Try it:
Look below for the line with "Metallic Light Pink" and the line with "In three years"; repeat exactly those two lines and all lines between them, but no pictures.
*** Information ***
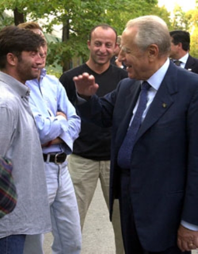 Il Presidente Ciampi conversa con alcuni giovani ospiti della Comunità di San Patrignano.
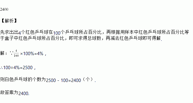 一个盒子中装有白色的乒乓球、为估计这袋里有多少个乒乓球,小李将形状,大小都相同的红色乒乓球个混入其中,摇匀后任意取出粒,发现红色乒乓球有个,则可估计出白色乒乓球有个数为________个.
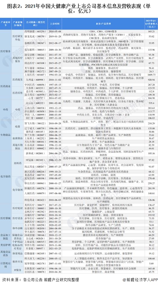 圖表1:2021年大健康產(chǎn)業(yè)上市公司匯總
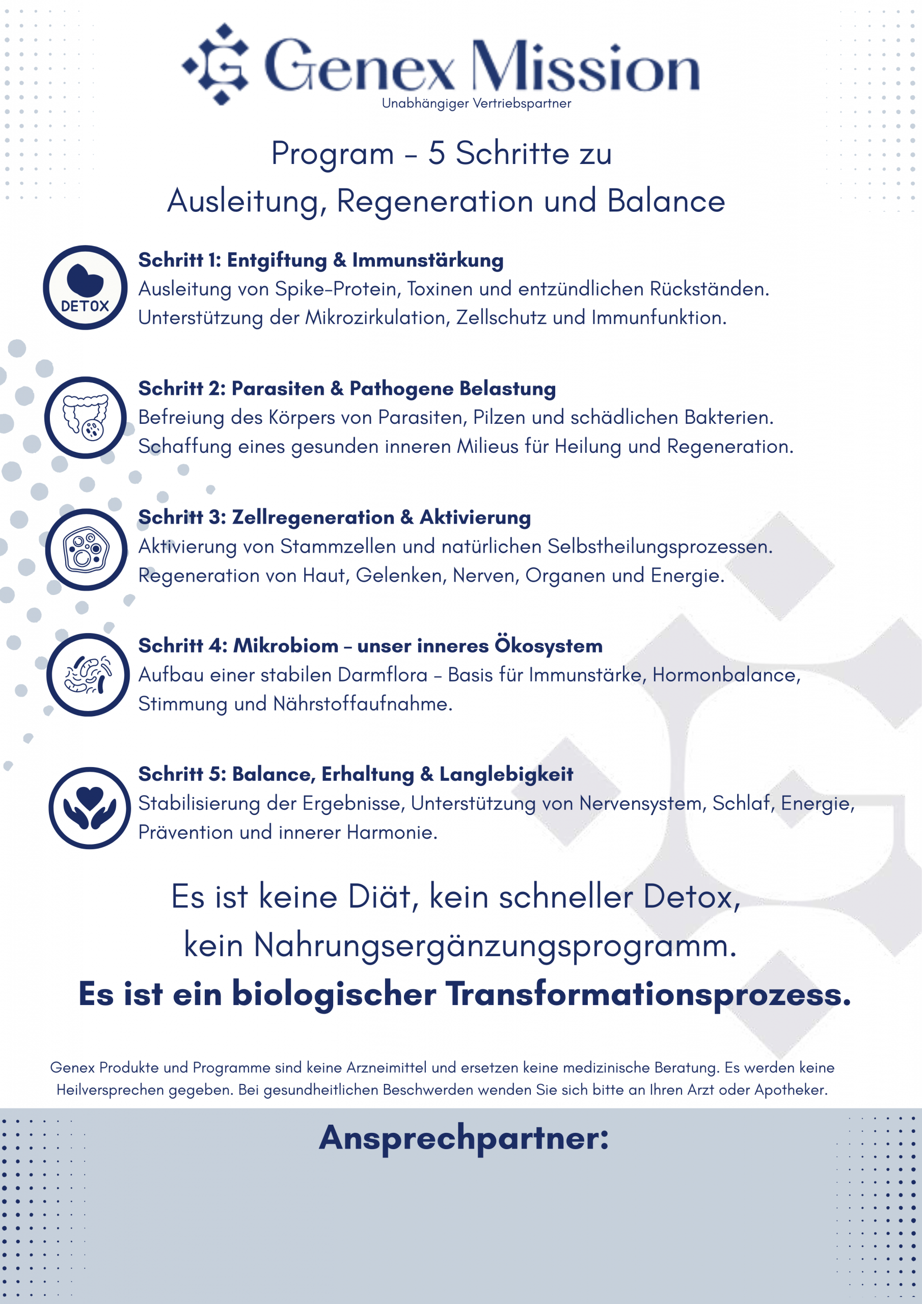Damit du die besten Ergebnisse mit den Genex-Produkten erzielst, orientiere dich an den empfohlenen Einnahmehinweisen während des Programms. So kann sich dein Körper Schritt für Schritt regenerieren und in sein natürliches Gleichgewicht zurückfinden.
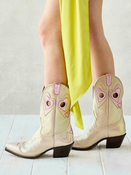 Metallic Light Pink Snip-Toe Colorful Heart Applique Cutout Mid Calf Cowgirl Boots
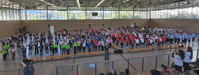 Und dann wurde getanzt - in zwei Klassenstufen-Kategorien und auf zwei Flächen parallel. Nach einer Vorrunde aller Gruppen qualifizierten sich die jeweils sieben besten Teams für die jeweiligen Finals. Aber vorher wurde erstmal gemeinsam getanzt . Kristina Seele, die Choreographin der diesjährigen Choreo zum Song "Simple Life" von Leony, hatte für die Schüler noch einige gemeinsame Tänze dabei und so füllte sich der Halleninnenraum ganz schnell (siehe Foto).
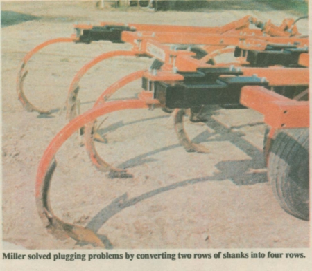 In three years of use, his modified chisel plow has yet to plug up, says Miller. "I've even operated in heavy corn stalks in the rain without a single plug up. Heavy trash flows through it evenly without bunching up."
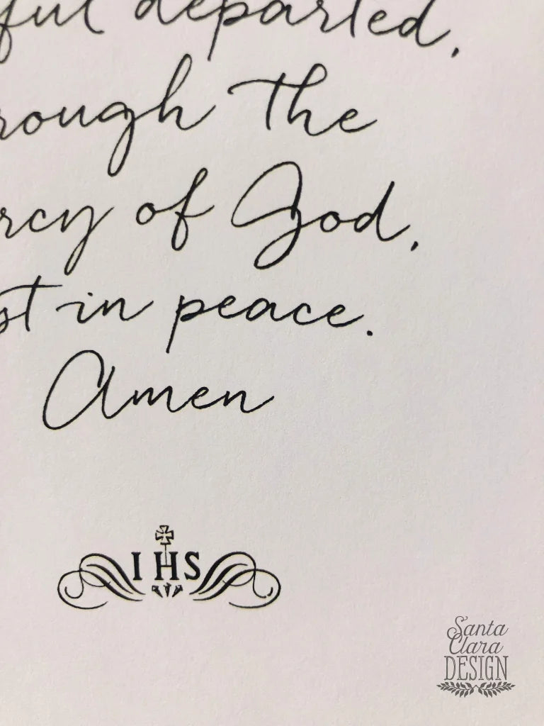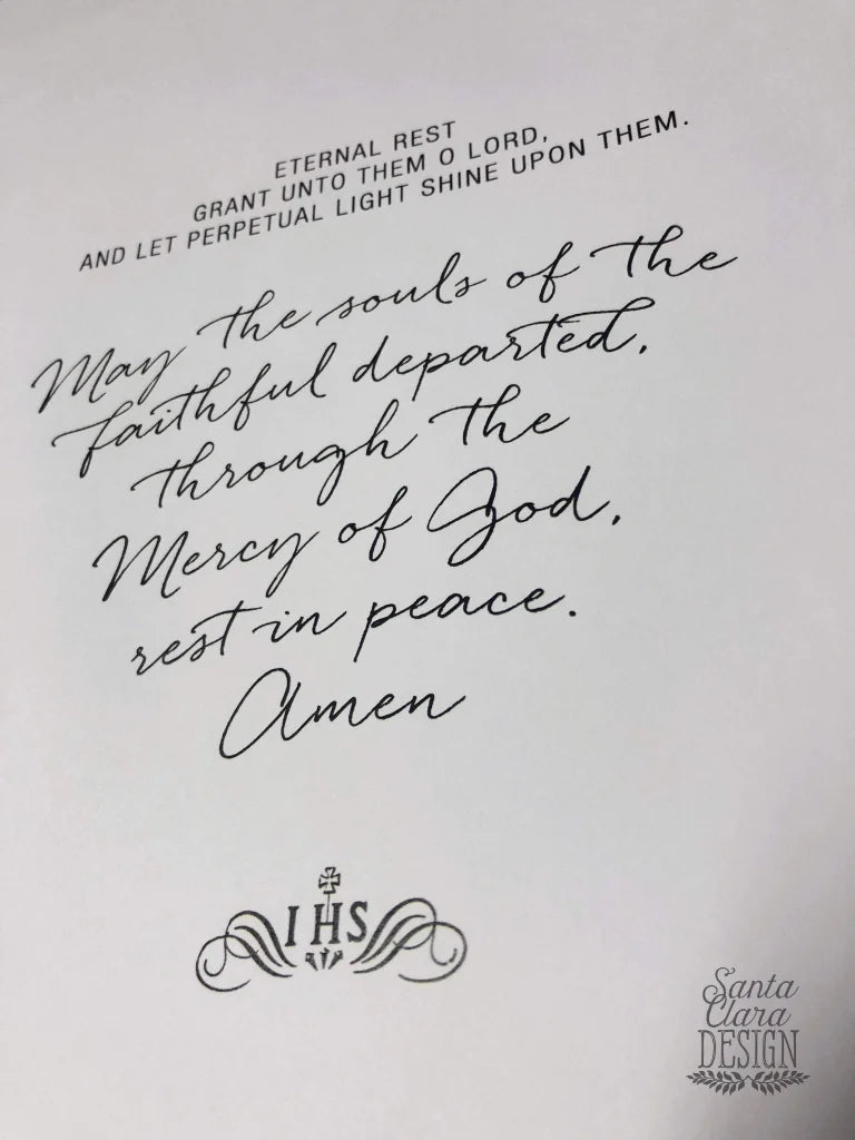 An elegant and inspirational custom designed Catholic prayer for those who have passed away. This traditional prayer is often prayed aloud at funerals and memorial services, and gives great comfort. This makes a thoughful gift for someone who is grieving, or a piece to display at a funeral, funeral reception, or on your prayer table to help you remember to pray for those who have gone before us.
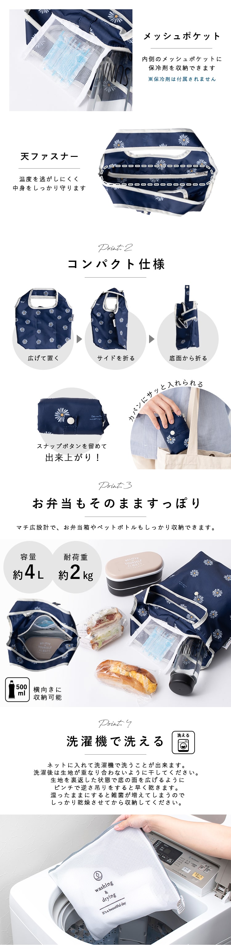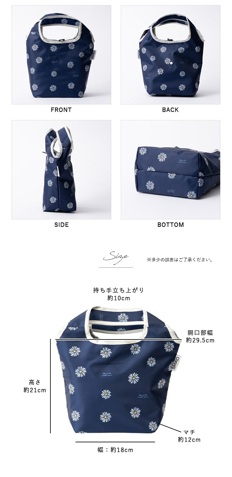 通勤通学のランチバッグや毎日のお買い物にちょうどいいサイズ感の保冷ミニトートバッグです。
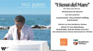 Der gemeinnützige Kulturverein La pomarancia – Eins und doch vielfältig in Kooperation mit dem Musikverein Armonia präsentiert am Mi 29. April 2026, 18:30-20 Uhr in der Alten Schieberkammer Schmelz im 15. Wiener Bezirk "I sensi del mare" (Die Sinne des Meeres): Eine Aufführung mit originaler Musik des Pianisten und Komponisten Paul Robino, arrangiert und produziert vom Maestro Vince Tempera ...
***
Output for this exercise:
 Metallic Light Pink Snip-Toe Colorful Heart Applique Cutout Mid Calf Cowgirl Boots
 Und dann wurde getanzt - in zwei Klassenstufen-Kategorien und auf zwei Flächen parallel. Nach einer Vorrunde aller Gruppen qualifizierten sich die jeweils sieben besten Teams für die jeweiligen Finals. Aber vorher wurde erstmal gemeinsam getanzt . Kristina Seele, die Choreographin der diesjährigen Choreo zum Song "Simple Life" von Leony, hatte für die Schüler noch einige gemeinsame Tänze dabei und so füllte sich der Halleninnenraum ganz schnell (siehe Foto).
 In three years of use, his modified chisel plow has yet to plug up, says Miller. "I've even operated in heavy corn stalks in the rain without a single plug up. Heavy trash flows through it evenly without bunching up."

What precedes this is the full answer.